Comparing different model approaches (2017)
In this study, the accuracy of different model approaches are compared - forecast data of 5 different raw weather models, forecast data calculated by the meteoblue Learning MultiModel (mLM) and model output statistics (MOS), and the reanalysis model ERA5. These forecasts have been verified against hourly measurements of more than 11'000 observation sites worldwide. The analysis was done for 2017, and partially for September - October 2018.
|Model approach||MAE [K]|
|meteoblue Learning MultiModel (mLM)||1.2 K|
|Model output statistics (MOS)||1.5 K|
|Reanalysis model ERA5||1.5 K|
|5 different weather forecast models (RAW)||1.7 - 2.2 K|
The following table shows the mean absolute error (MAE) in Kelvin for the different model approaches. The mLM approach demonstrated the lowest MAE, followed by the MOS and ERA5. These model approaches perform better than the raw models.
Comparing different global models (2018)
An additional verification study to evaluate the performance of different global models was conducted in a separate bachelor thesis (Fessler, 2019). 24-hour 2 m air temperature forecast of the year 2018 of the forecast models NEMS, GFS05, MFGLOBAL, GEM and ICON were compared to hourly measurements of more than 8000 stations from the WMO (World Meteorological Organization) and GDAS (Global Data Assimilation System) from NOAA (National Oceanic and Atmospheric Administration), distributed worldwide. In addition to that, historical data of the reanalysis model ERA5 were included, in which several statistical error metrics were calculated and compared.
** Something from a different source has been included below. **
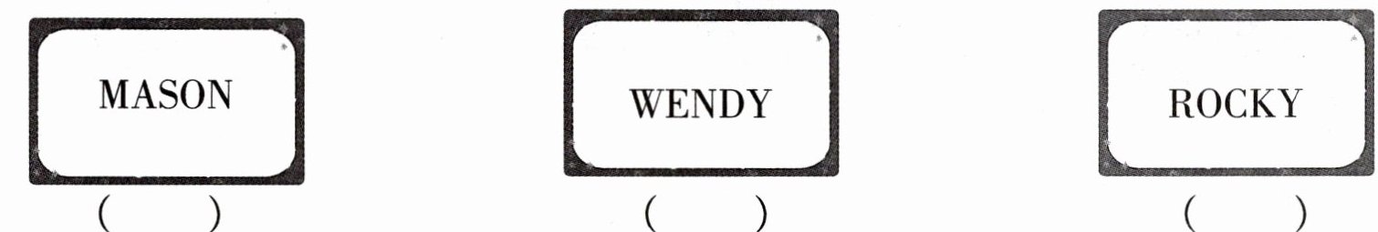 孩子们正在拼读自己的英文名字。请你仔细听一听,根据所听内容用数字1—3为下面的姓名牌排序。
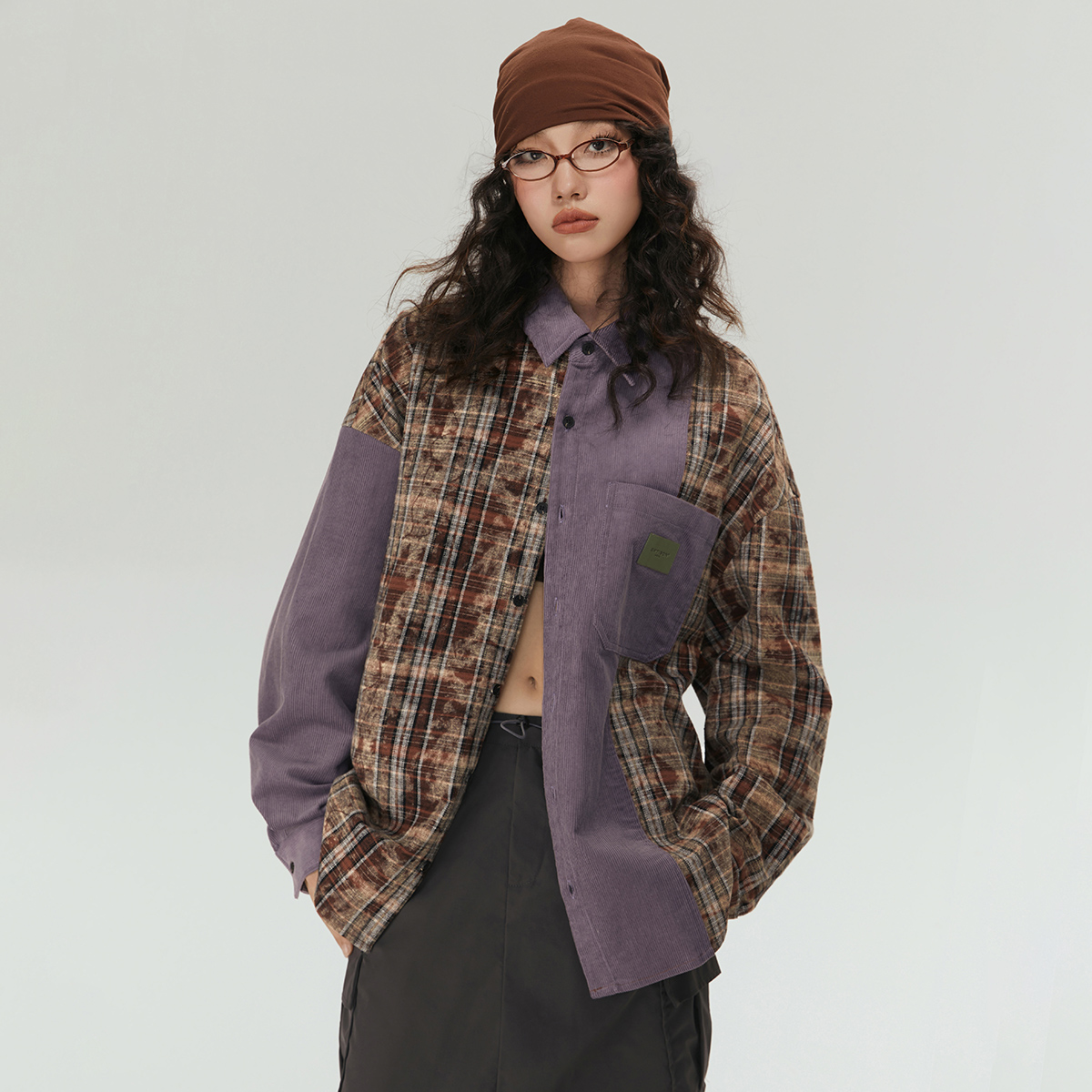 Eptison2023秋季新品拼接复古灯芯绒拼接格子衬衫宽松设计感衬衣

Furthermore, the global patterns of accuracy variability were examined.
Raw model comparison
|Model||MAE [K]||MBE [K]|
Simple error comparison allows for the evaluation of the performance between different models. The following findings (see table below) confirm the previous study's results. The reanalysis model ERA5, with an MAE of 1.5 K, outperforms all raw models examined in this study, followed by ICON and NEMSGLOBAL. ERA5, NEMSGLOBAL and GFS05 tend to predict the temperature as higher than it actually occurs, while MFGLOBAL, GEM and ICON predict the temperature as lower than as described by hourly measurements.
Across all weather stations, ERA5 performs the best and has the lowest MAE (see figure below).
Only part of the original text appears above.